Earth Today | Virgin Islands fisherfolk to benefit from sargassum intervention
FISHERFOLK IN the Virgin Islands will soon benefit from two pilot projects aimed at managing sargassum seaweed influxes and reducing ghost fishing.
The pilot projects will run from September to December 2023 and are being funded under the Darwin Plus project, ‘Capacity building in fisheries evidence, networks and management in the Virgin Islands’.
The first pilot project will support the local construction of a low-cost, reusable boom, which can serve to deflect sargassum from Setting Point on the southern coast of the island of Anegada.
The mangrove-lined southern coastline of Anegada is an area of importance to the local fishing community since it serves as a nursery area for fish. It also serves as an anchorage for fishing and non-fishing vessels.
During heavy sargassum inundations, the quality of the water on the south coast of Anegada is significantly affected, resulting in fish kills and migration of turtles from the area.
These impacts are thought to be caused by changes in salinity and decreased oxygen concentrations in the water brought on by the seasonal build-up of the macroalgae.
Under the pilot project, local fisherfolk will work with other project stakeholders to construct, install and monitor the effectiveness of the re-usable boom with the aim of reducing impacts on biodiversity, livelihoods and health caused by sargassum influxes at Setting Point.
The second pilot project will test an electronic trap recovery system to reduce gear loss and ghost fishing in the Virgin Islands’ pot and trap fisheries. In the Virgin Islands, pots and traps set to catch both reef fish and lobster are the predominant fisheries.
In these fisheries, fishers are always at risk of losing their fishing gear, including due to changes in tides or currents, marker buoy lines being severed by the propellers of marine traffic, fishing gear getting dragged into deeper water by storms or tangled with other types of fishing gear.
When lost, pots and traps become Abandoned, Lost, or otherwise Discarded Fishing Gear (ALDFG) and have the potential to cause ‘ghost fishing’, i.e., the gear continues to fish while not in the control of the owner.
In a recent survey conducted by the Centre for Environment, Fisheries and Aquaculture Science with a sample group of Virgin Island fishers, fisherfolk reported that traps were among the ALDFG they most frequently encountered.
Under the pilot project, 20 fishers from the pot and trap fisheries in the Virgin Islands will be engaged to trial the use of an electronic fishing trap recovery system to improve the location and retrieval of pots and traps that have lost their primary marker buoy.
The trap recovery system, which is designed by RESQUNIT, consists of an integrated buoy that deploys and floats to the surface when an electronic time lock releases it.
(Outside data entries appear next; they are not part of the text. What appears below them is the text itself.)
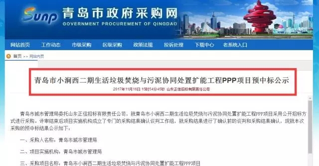 11月16日,據(jù)青島市公共資源交易中心消息,青島市小澗西二期生活垃圾焚燒與污泥協(xié)同處置擴能工程PPP項目已公布預(yù)中標公示,上海康恒環(huán)境股份有限公司為預(yù)成交供應(yīng)商。
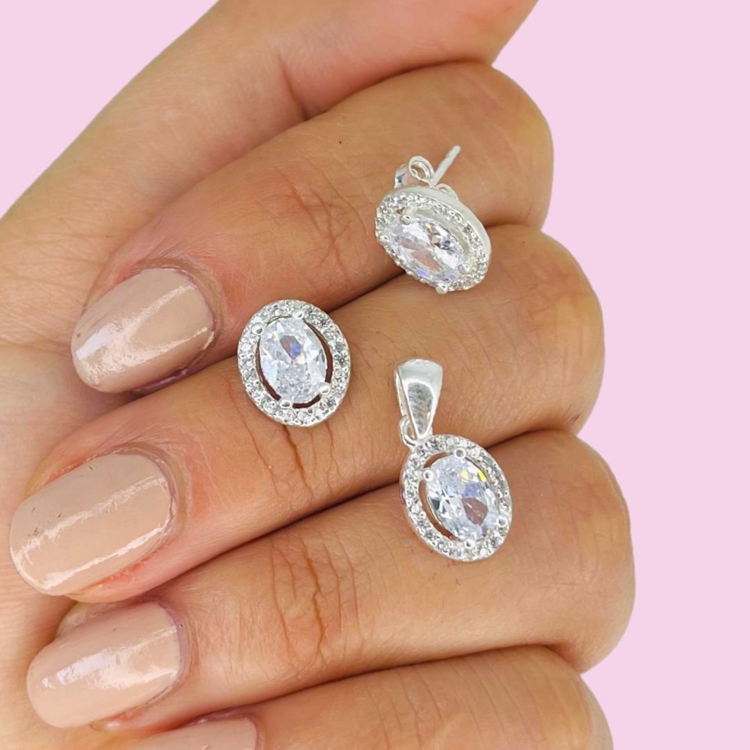 Conjunto Aros y Dije Ovalado Blanco Plata Italiana
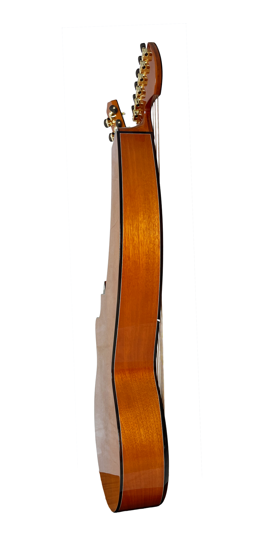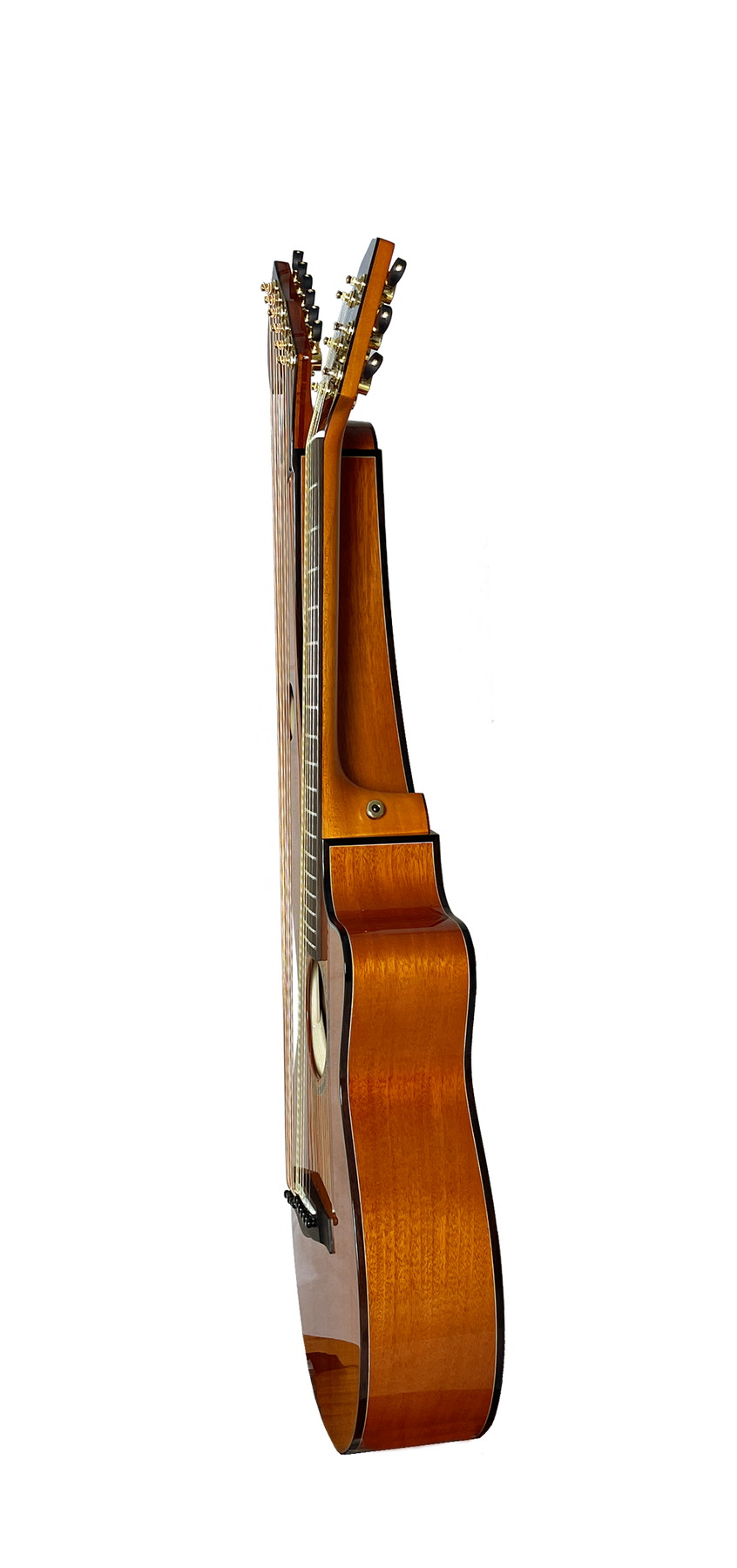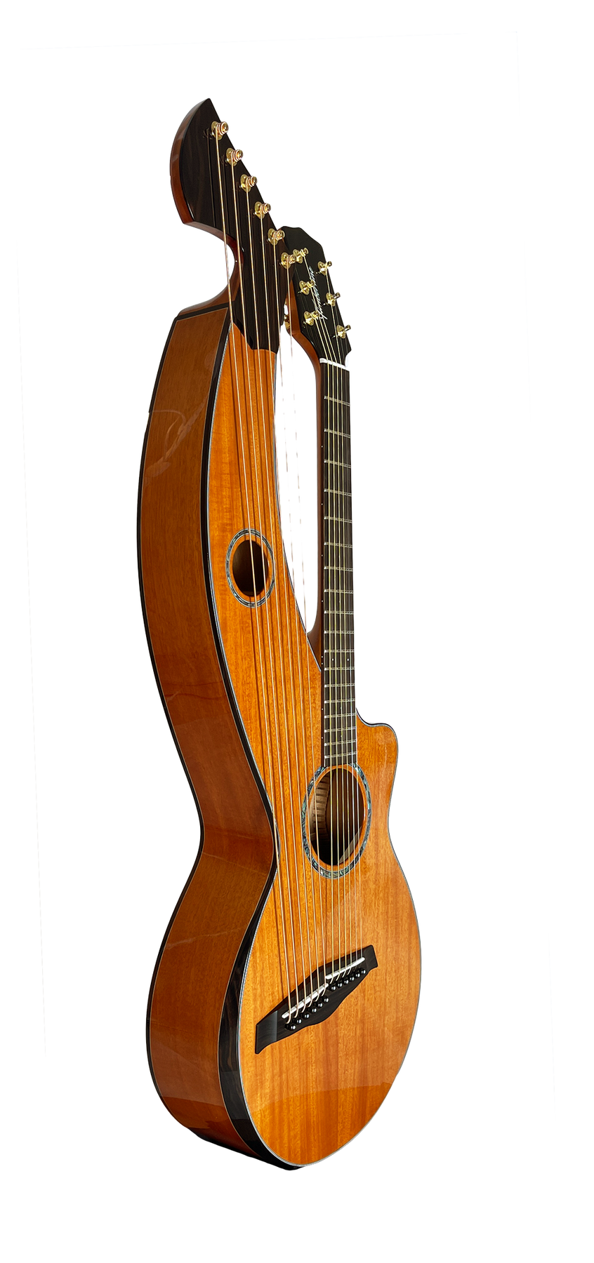 T30HGpc Premium 100% Tropical Mahogany 12 String Parlor sized harp guitar with ebony fretboard, arm bevel and bridge.
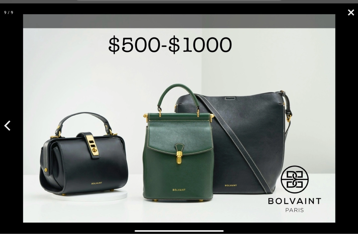 Three designer handbags. Black, green, and black and white color options. Various styles and sizes. Gold hardware accents.
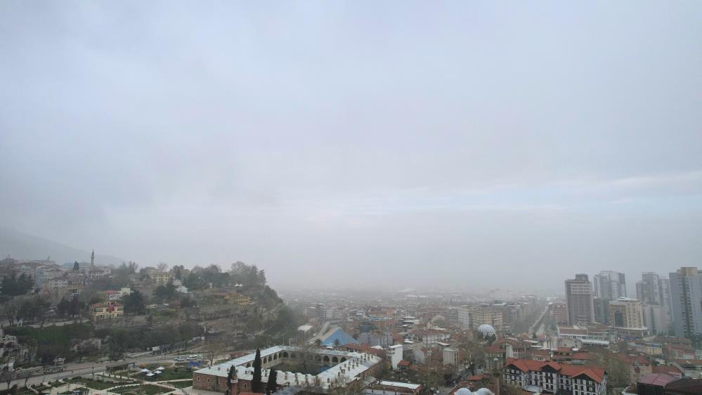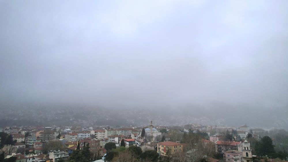 Bursa’nın Osmangazi ilçesi ve çevre ilçelerde sabah saatlerinden itibaren etkili olan sis, kentin yüksek kesimlerinden şehir merkezine doğru ilerliyor.
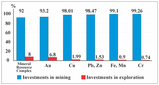 A histogram of the ratio of production and replenishment in accordance with the distribution of investment funds for production and geological exploration over the past 10–15 years.
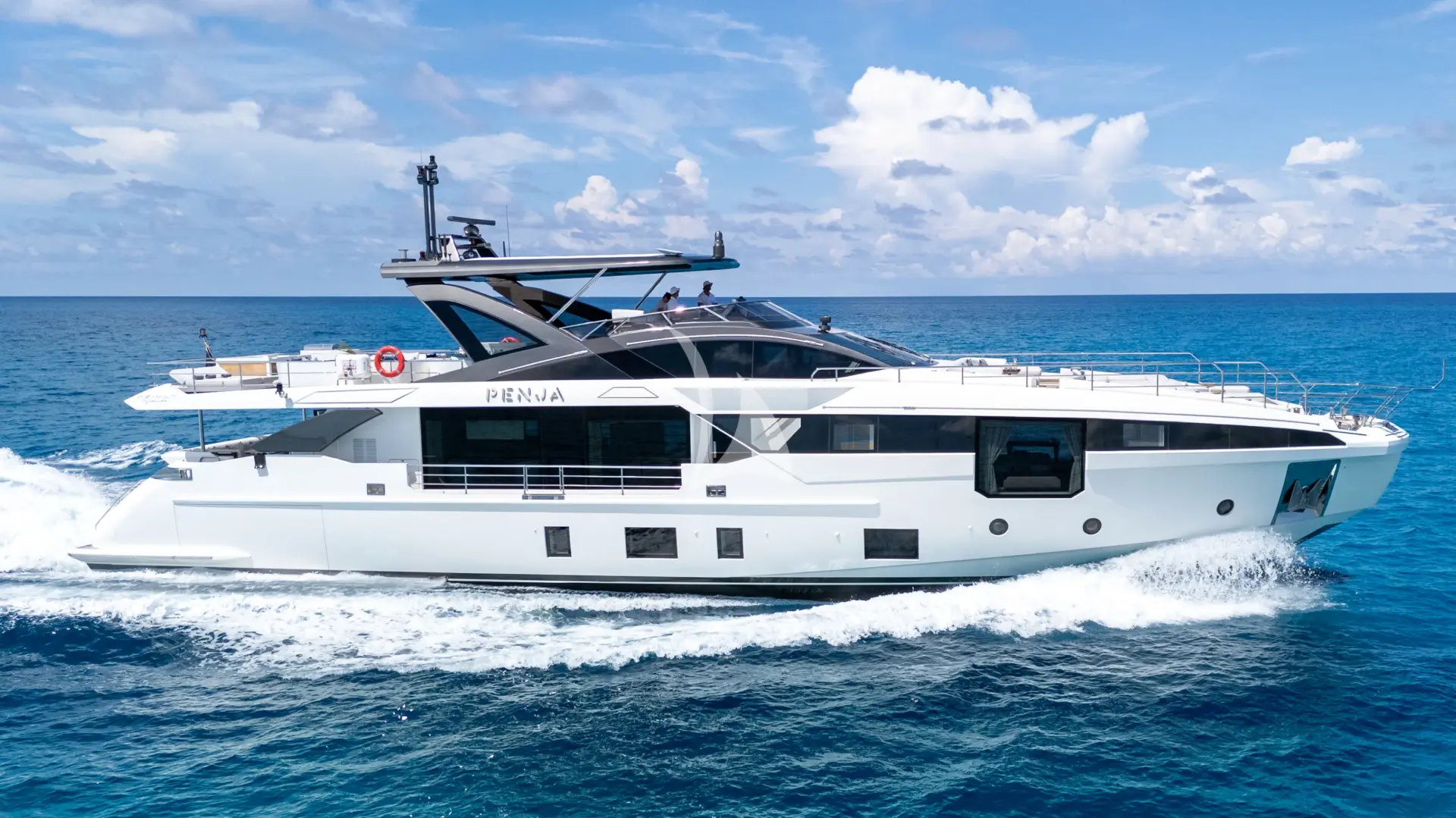 PENJA is an exceptional charter platform, combining the fresh appeal of a 2022 build with the volume, layout, and lifestyle features charter guests consistently look for. Her wide-body design delivers a sense of space rarely found in a 32m, highlighted by a full-beam, on-deck master suite and bright, contemporary interiors with seamless indoor-outdoor flow. Expansive exterior areas - including a generous flybridge, inviting aft deck, and well-designed forward bow seating - create multiple spaces to relax, dine, and socialize throughout the day. With easy water access for swimming and toys, efficient performance ideal for island hopping, and a proven Azimut pedigree, PENJA is perfectly suited to relaxed, high-end charter experiences—particularly in warm-weather destinations like the Bahamas.
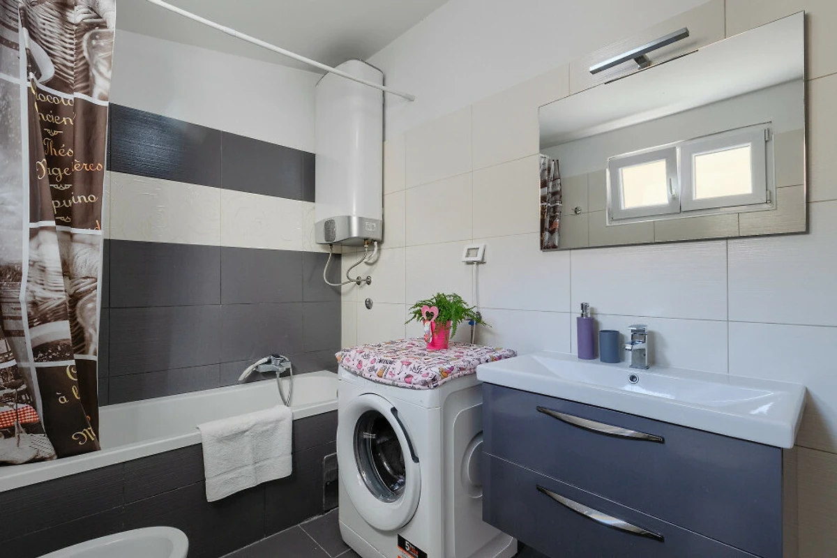 Zakwaterowanie jest wyposażone w następujące rzeczy ogród, meble ogrodowe, ogrodzona działka, pralka, grill, żelazko, internet (wifi), suszarka do włosów, klimatyzacja, parking na otwartej przestrzeni w przy budynku, 1 TV, antena satelitarna.
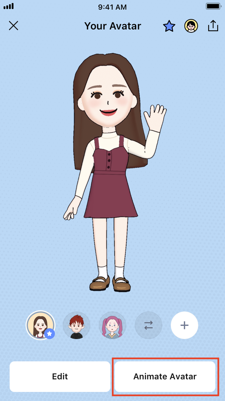 ⑥ Ketuk "edit" untuk kembali ke halaman edit, dan ketuk “Animate Avatar” untuk menambahkan gerakan dan mengubah latar belakang.

The release of the buoy also creates an opening, allowing any trapped fish or lobster to escape.
Both pilot projects will report and share results, lessons learned and recommendations on the potential for replication and upscaling.
The pilot projects are part of efforts by the Caribbean Natural Resources Institute and the Department Agriculture and Fisheries within the Ministry of Environment, Natural Resources and Climate Change of the Government of the Virgin Islands to demonstrate best practices and innovations in sustainable fisheries and marine management under the ongoing Darwin Plus-funded project ‘Capacity building in fisheries evidence, networks and management in the Virgin Islands’.